===== Data for this task =====

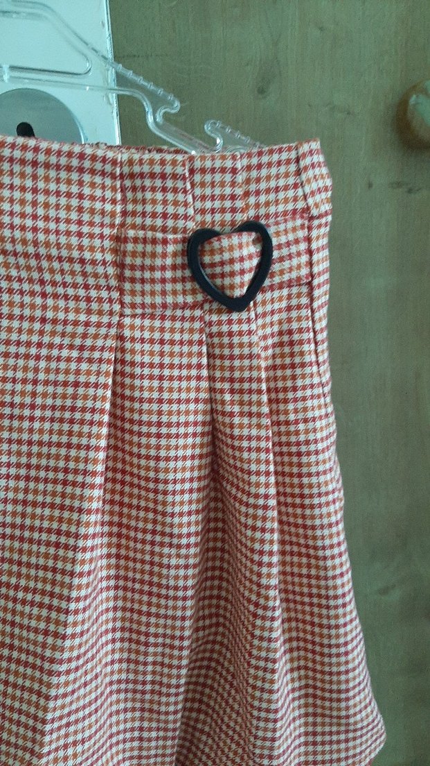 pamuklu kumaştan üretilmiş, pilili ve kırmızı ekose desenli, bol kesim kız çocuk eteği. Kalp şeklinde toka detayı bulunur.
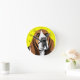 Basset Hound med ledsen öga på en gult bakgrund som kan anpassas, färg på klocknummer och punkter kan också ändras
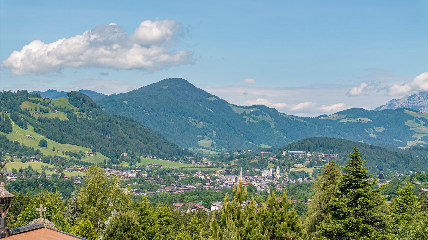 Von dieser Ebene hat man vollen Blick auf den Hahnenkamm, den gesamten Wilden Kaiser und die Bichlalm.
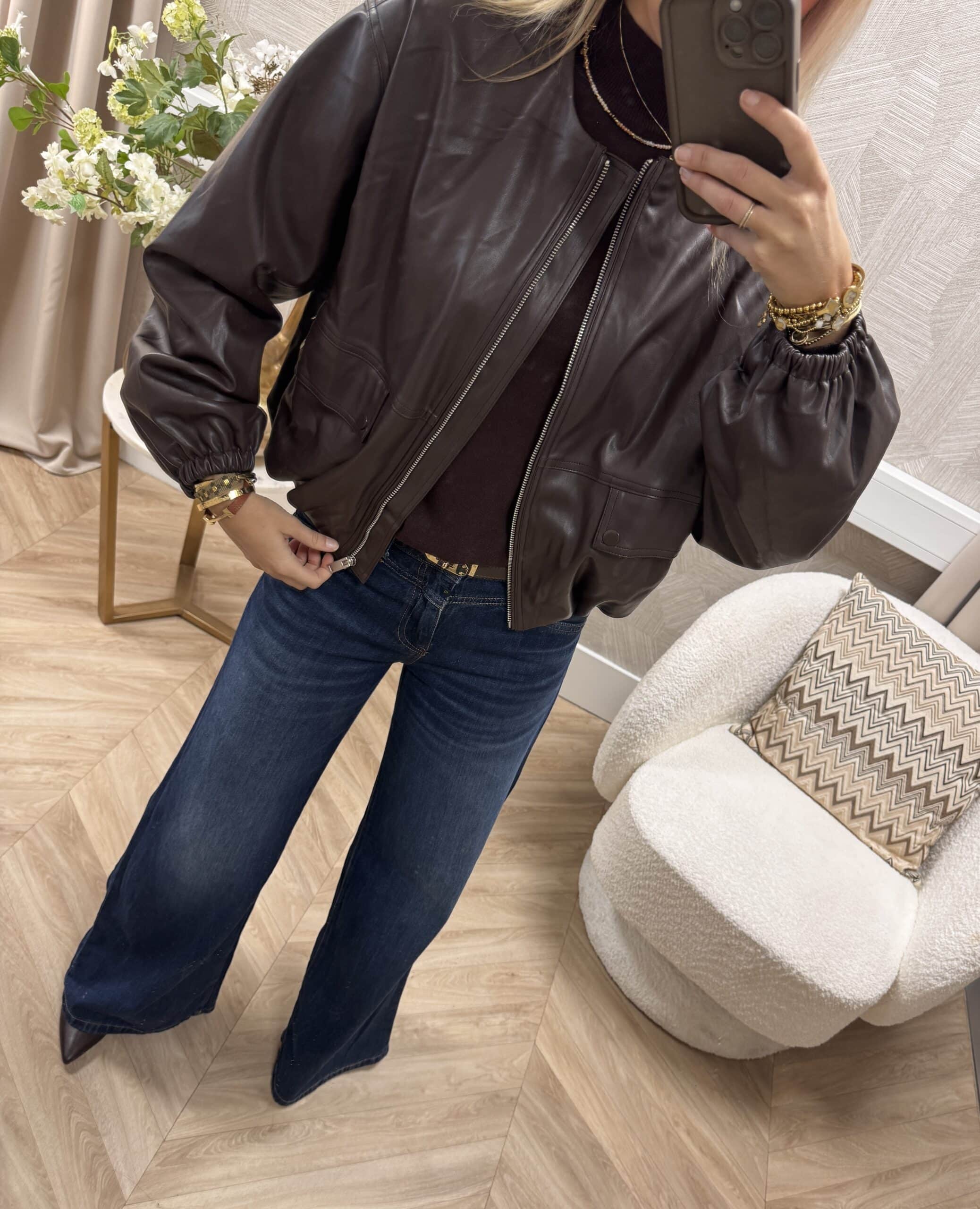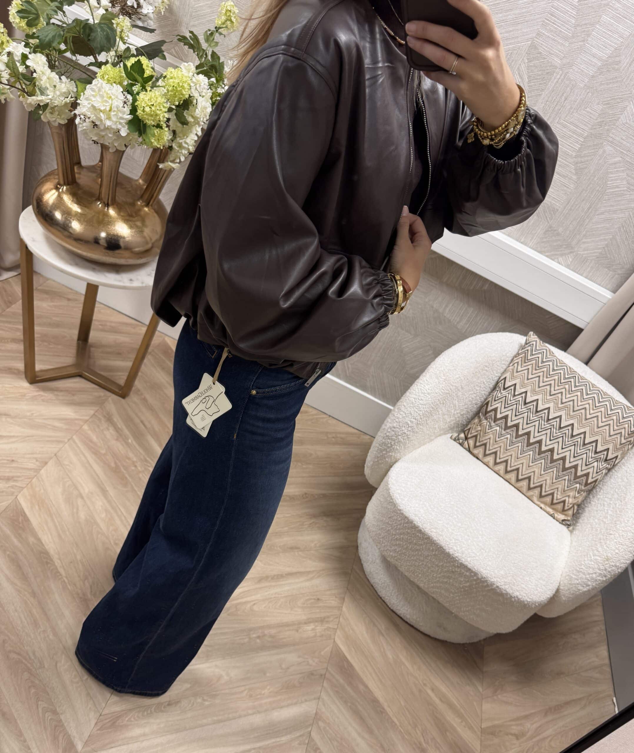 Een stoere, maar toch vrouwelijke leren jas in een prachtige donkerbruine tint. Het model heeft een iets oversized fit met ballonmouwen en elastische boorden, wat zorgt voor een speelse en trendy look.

=====
===== Data for this task =====

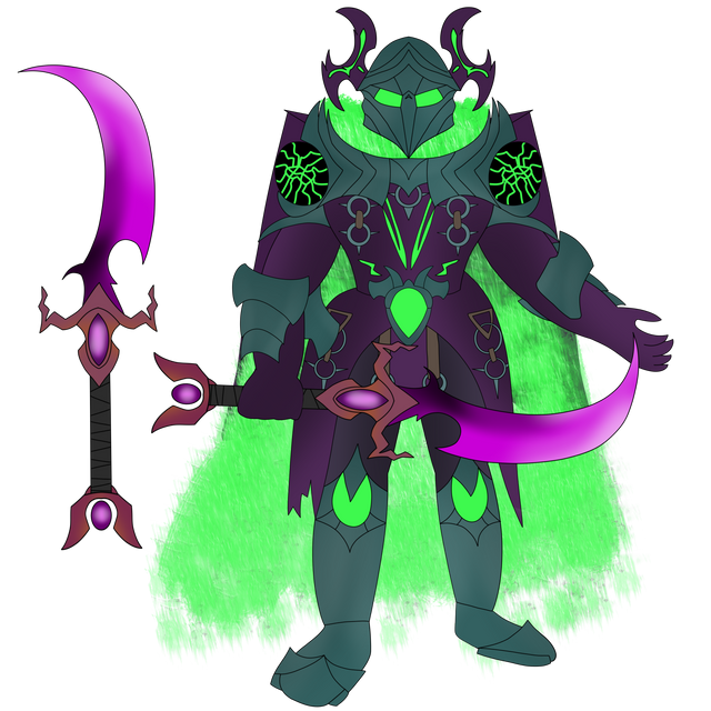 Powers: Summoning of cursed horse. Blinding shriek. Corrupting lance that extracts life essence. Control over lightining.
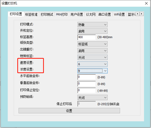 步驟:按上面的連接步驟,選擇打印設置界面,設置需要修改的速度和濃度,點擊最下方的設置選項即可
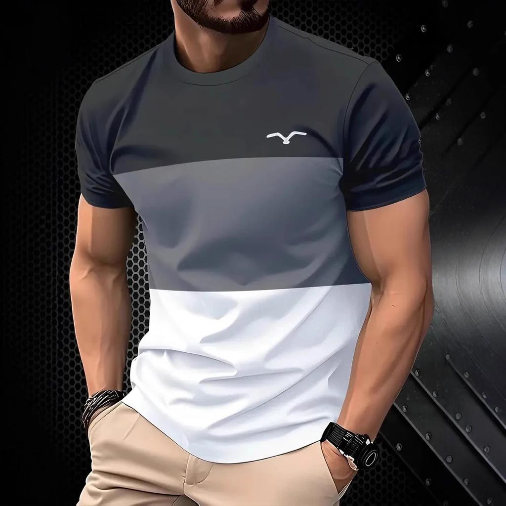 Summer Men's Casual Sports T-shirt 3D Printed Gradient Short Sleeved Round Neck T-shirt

=====
===== Data for this task =====

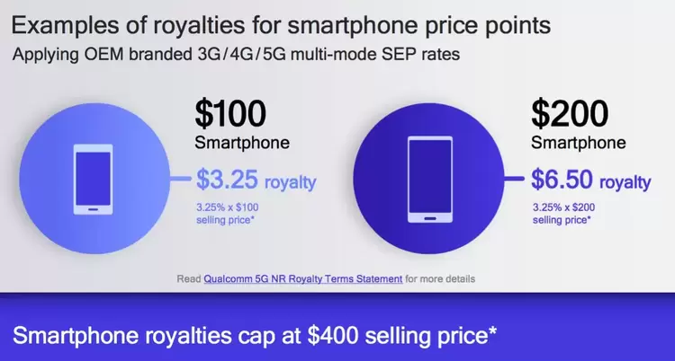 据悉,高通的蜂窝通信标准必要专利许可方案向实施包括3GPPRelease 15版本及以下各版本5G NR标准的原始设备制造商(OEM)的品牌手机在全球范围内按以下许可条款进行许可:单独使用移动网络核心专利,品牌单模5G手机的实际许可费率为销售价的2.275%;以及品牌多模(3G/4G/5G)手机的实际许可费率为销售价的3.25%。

=====

> _Exercise_:
Write down exactly what the lines above say, from the line holding "pamuklu kumaştan üretilmiş, pilili" through the line holding "Een stoere, maar", and nothing more. Do not copy the pictures.

> _Completed task_:
 pamuklu kumaştan üretilmiş, pilili ve kırmızı ekose desenli, bol kesim kız çocuk eteği. Kalp şeklinde toka detayı bulunur.
 Basset Hound med ledsen öga på en gult bakgrund som kan anpassas, färg på klocknummer och punkter kan också ändras
 Von dieser Ebene hat man vollen Blick auf den Hahnenkamm, den gesamten Wilden Kaiser und die Bichlalm.
 Een stoere, maar toch vrouwelijke leren jas in een prachtige donkerbruine tint. Het model heeft een iets oversized fit met ballonmouwen en elastische boorden, wat zorgt voor een speelse en trendy look.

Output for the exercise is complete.